There are 3 main components to habit formation: the context cue, behavioral repetition, and the reward.[16] The context cue can be a prior action, time of day, location, or anything that triggers the habitual behavior. This could be anything that one's mind associates with that habit, and one will automatically let a habit come to the surface. The behavior is the actual habit that one exhibits, and the reward, such as a positive feeling, therefore continues the "habit loop".[17] A habit may initially be triggered by a goal, but over time that goal becomes less necessary and the habit becomes more automatic. Intermittent or uncertain rewards have been found to be particularly effective in promoting habit learning.[18]

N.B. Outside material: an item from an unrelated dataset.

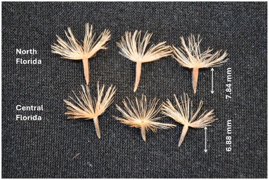 Ten representative seeds from each population (Central and North Florida) were measured using a digital caliper and photographed. Next, a subsample of seeds from each population was sent to an independent seed testing facility to assess initial pre-germination seed viability and embryo fill (US Forest Service National Seed Laboratory, Dry Branch, GA, USA). First, seeds were non-destructively imaged using an UltraFocus X-ray system equipped with the Vision software (Faxitron® Bioptics, LLC, Tucson, AZ, USA) to determine embryo development. Then, two replicates of 100 seeds per population were cut laterally, removing the distal end of the cotyledons, and stained overnight at 37 °C in a 1.0% TZ (2,3,5-triphenyl-2H-tetrazolium chloride) solution in accordance with the Association of Official Seeds Analysts (AOSA) rules for TZ testing of Asteraceae [25]. Seeds were considered viable when firm embryos stained evenly red under 10× magnification.

A variety of digital tools, online or mobile apps, have been introduced that are designed to support habit formation. For example, Habitica is a system that uses gamification, implementing strategies found in video games to real-life tasks by adding rewards such as experience and gold.[19] However, a review of such tools suggests most are poorly designed with respect to theory and fail to support the development of automaticity.[20][21]

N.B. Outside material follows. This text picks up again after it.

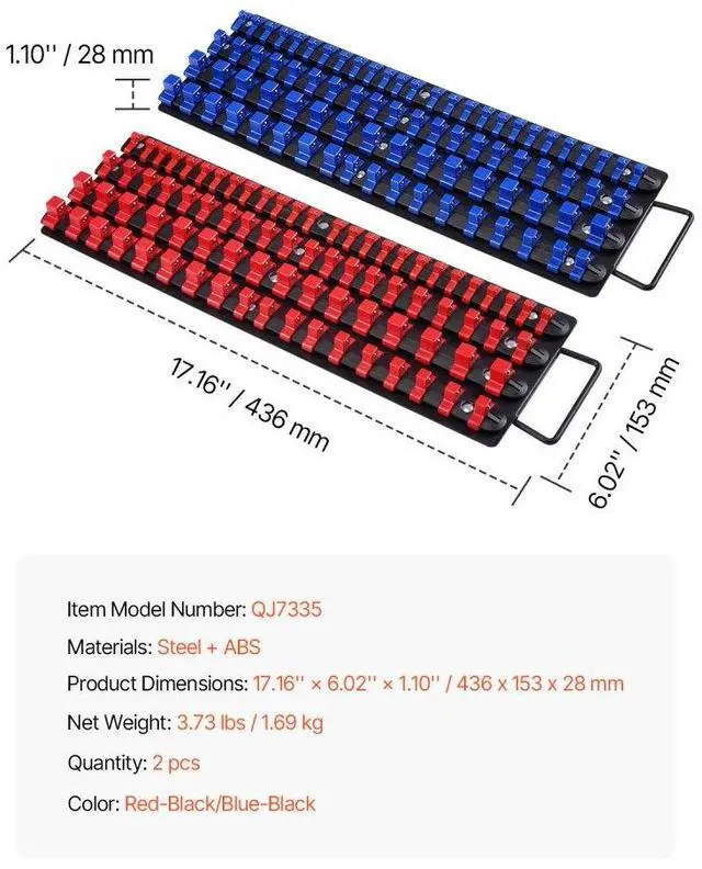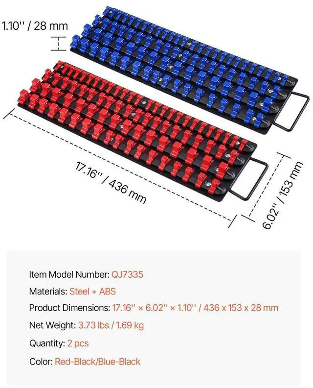 Materials: Steel + ABS,Color: Red-Black/Blue-Black,Item Model Number: QJ7335,Quantity: 2 pcs,Product Dimensions: 17.16'' × 6.02'' × 1.10'' / 436 x 153 x 28 mm,Net Weight: 3.73 lbs / 1.69 kg

Shopping habits are particularly vulnerable to change at "major life moments" like graduation, marriage, the birth of the first child, moving to a new home, and divorce. Some stores use purchase data to try to detect these events and take advantage of the marketing opportunity.[22]


Some habits are known as "keystone habits," and these influence the formation of other habits. For example, identifying as the type of person who takes care of their body and is in the habit of exercising regularly, can also influence eating better and using credit cards less. In business, safety can be a keystone habit that influences other habits that result in greater productivity.[22]

A recent study by Adriaanse et al. (2014) found that habits mediate the relationship between self-control and unhealthy snack consumption.[23] The results of the study empirically demonstrate that high self-control may influence the formation of habits and in turn affect behavior.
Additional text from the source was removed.